WHAT TO DO: Extract exactly and only the lines from the one containing "Migration by County, showing" through the end of the entries below. Pictures should not appear in the copy.

── RECORDS PROVIDED

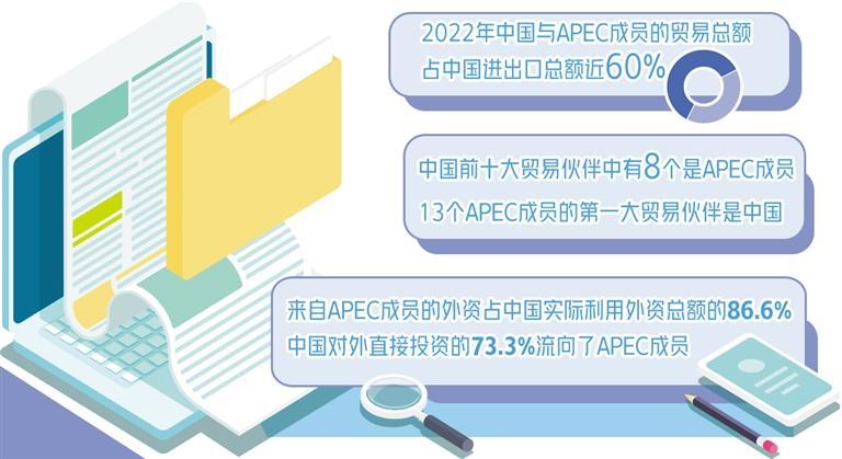习近平主席指出,中国的发展起步于亚太,得益于亚太,也将继续立足亚太、造福亚太。不断扩大高水平对外开放是推进中国式现代化的必然要求。中国成为大多数APEC成员主要贸易伙伴和出口市场。2022年中国与APEC成员的贸易总额占中国进出口总额近60%,中国前十大贸易伙伴中有8个是APEC成员,中国是13个APEC成员的第一大贸易伙伴,来自APEC成员的外资占中国实际利用外资总额的86.6%,中国对外直接投资的73.3%流向了APEC成员。
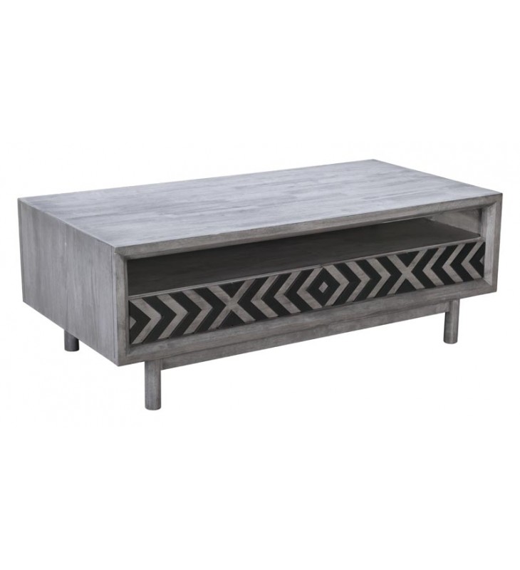 A real stunner! This rectangular coffee table with its chevron detail will be a beautiful and artistic accent in front of your sofa or a pair of chairs. Stash your magazines, remotes and coasters in these sizeable storage drawers with soft touch closures and easy glides.
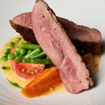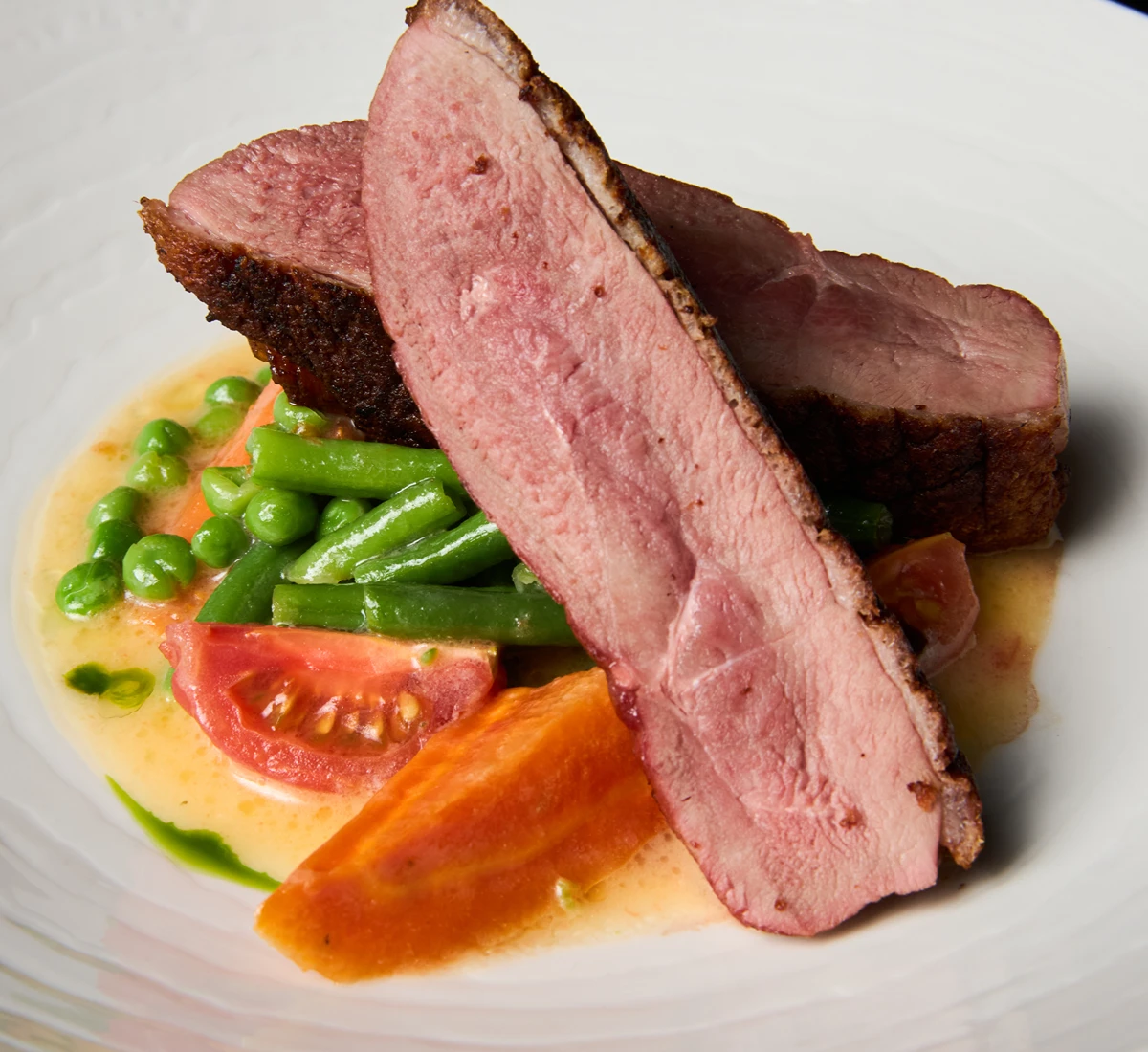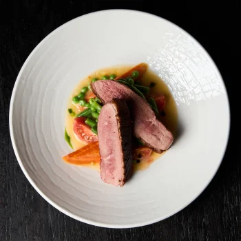 Tender duck fillet fried in horseradish. Garnish: carrots, chanterelles, cherry tomatoes, green peas, emulsion based on chicken broth and butter
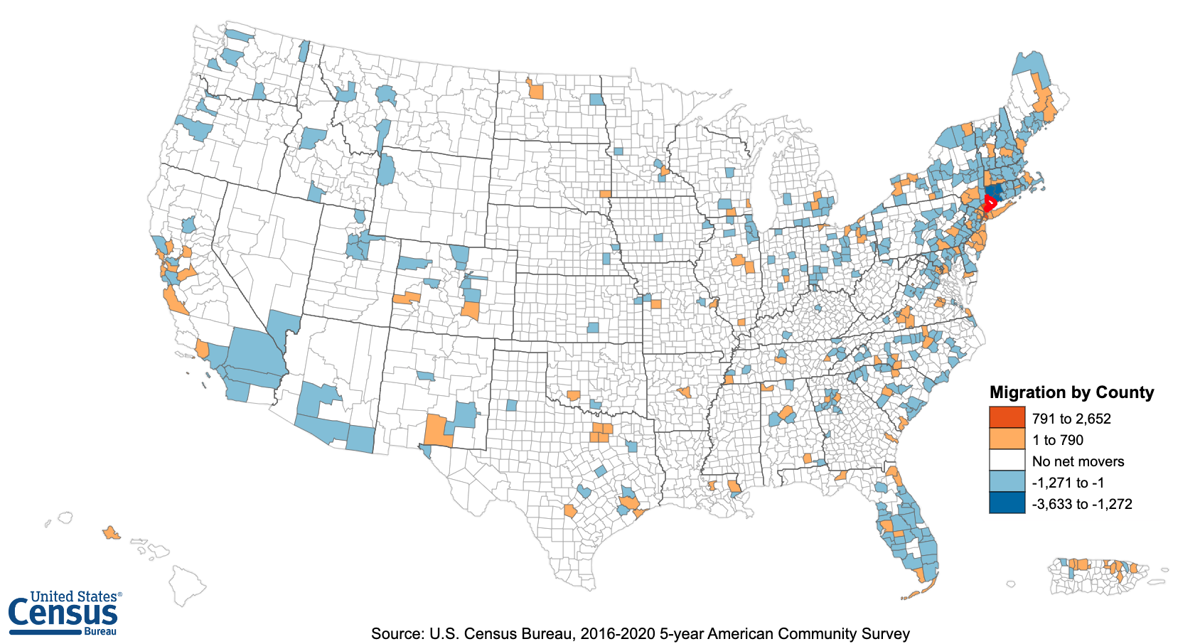 Migration by County, showing that Connecticut is Leaving for Florida and Massachusetts, but gaining from New York
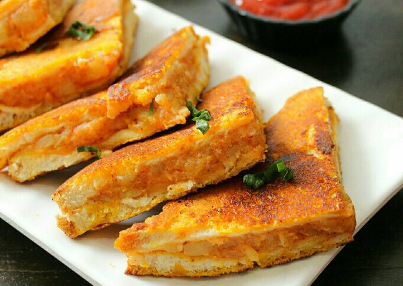 - Heat a non stick griddle / Tava. Sprinkle few drops of Oil on it. Now, the sandwich, which we made with stuffing, dip in chickpeas batter nicely. make sure it cover all sides. Handle with soft hands.
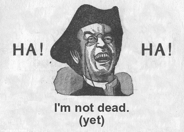 'Ere! He says he's not dead!

────

RESULT OF THE EXERCISE:
 Migration by County, showing that Connecticut is Leaving for Florida and Massachusetts, but gaining from New York
 - Heat a non stick griddle / Tava. Sprinkle few drops of Oil on it. Now, the sandwich, which we made with stuffing, dip in chickpeas batter nicely. make sure it cover all sides. Handle with soft hands.
 'Ere! He says he's not dead!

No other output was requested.